- _ENTRIES SHOWN_:
-----

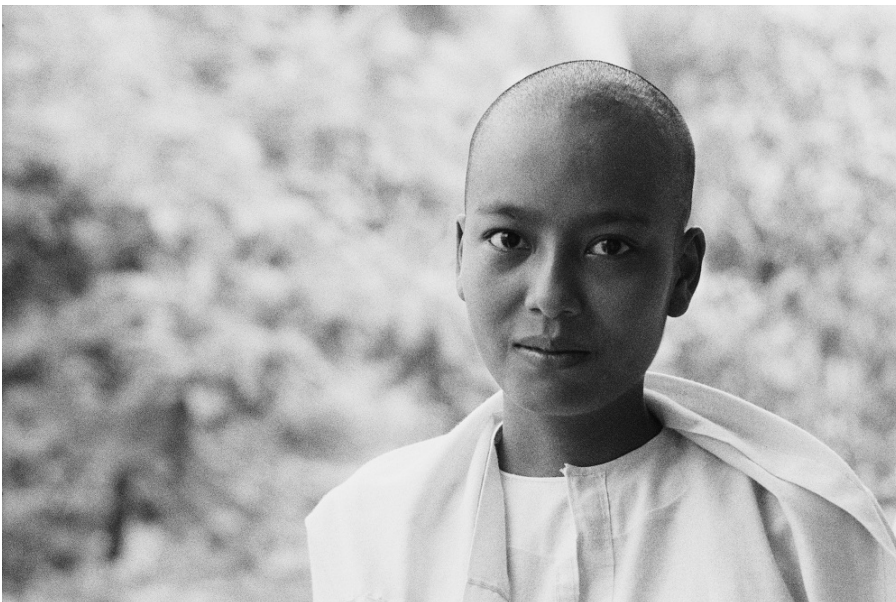
1. Raccolte Fotografiche ICCD, Fondo Sebastiana Papa Sebastiana Papa, Monastero buddista Thekkanemida, Yangon, Myanmar, 1999, b/n, negativo, FP0169_22 ( https://fotografia.cultura.gov.it/iccd/item/FP000169_22 )
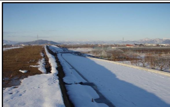
東根北IC(仮称)(新庄方向)
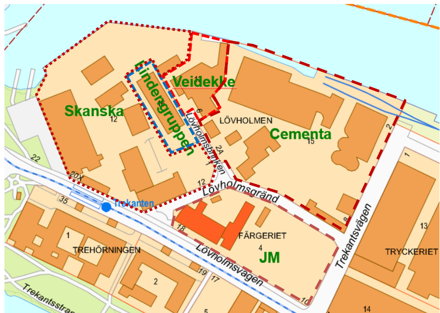
Kartbild med fastighetsägare.

Planområdet omfattar fastigheterna Liljeholmen 1:1 (Stockholm stad), Lövholmen 12 (Skanska), Lövholmen 13 (Veidekke), Lövholmen 15 (Fastighets AB Lövholmen), Lövholmen 16 (Lindengruppen AB) och Färgeriet 4 (JM). Sjöfastigheterna Liljeholmen 3:9 (Fastighets AB Lövholmen), Liljeholmen 1:S (uppgifter saknas), Liljeholmen 3:10 (Skanska), Liljeholmen 3:11 (Skanska) och Liljeholmen 3:12 (Skanska) ingår helt eller delvis i planområdet. Området är huvudsakligen privatägt. Cementa äger genom Fastighets AB Lövholmen fastigheten Lövholmen 15. Järntorget och Besqab har, genom det gemensamma bolaget JärnBesq Holding AB avtalat med ägaren till Lövholmen 15 om att förvärva fastigheten.
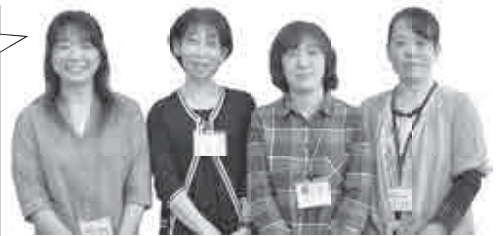
▲健康推進課保健師

-----

- _YOUR OBJECTIVE_:
Your copy should match the records word for word, with the pictures removed.

- _ANSWER TO THE EXERCISE_:
1. Raccolte Fotografiche ICCD, Fondo Sebastiana Papa Sebastiana Papa, Monastero buddista Thekkanemida, Yangon, Myanmar, 1999, b/n, negativo, FP0169_22 ( https://fotografia.cultura.gov.it/iccd/item/FP000169_22 )
東根北IC(仮称)(新庄方向)
Kartbild med fastighetsägare.

Planområdet omfattar fastigheterna Liljeholmen 1:1 (Stockholm stad), Lövholmen 12 (Skanska), Lövholmen 13 (Veidekke), Lövholmen 15 (Fastighets AB Lövholmen), Lövholmen 16 (Lindengruppen AB) och Färgeriet 4 (JM). Sjöfastigheterna Liljeholmen 3:9 (Fastighets AB Lövholmen), Liljeholmen 1:S (uppgifter saknas), Liljeholmen 3:10 (Skanska), Liljeholmen 3:11 (Skanska) och Liljeholmen 3:12 (Skanska) ingår helt eller delvis i planområdet. Området är huvudsakligen privatägt. Cementa äger genom Fastighets AB Lövholmen fastigheten Lövholmen 15. Järntorget och Besqab har, genom det gemensamma bolaget JärnBesq Holding AB avtalat med ägaren till Lövholmen 15 om att förvärva fastigheten.
▲健康推進課保健師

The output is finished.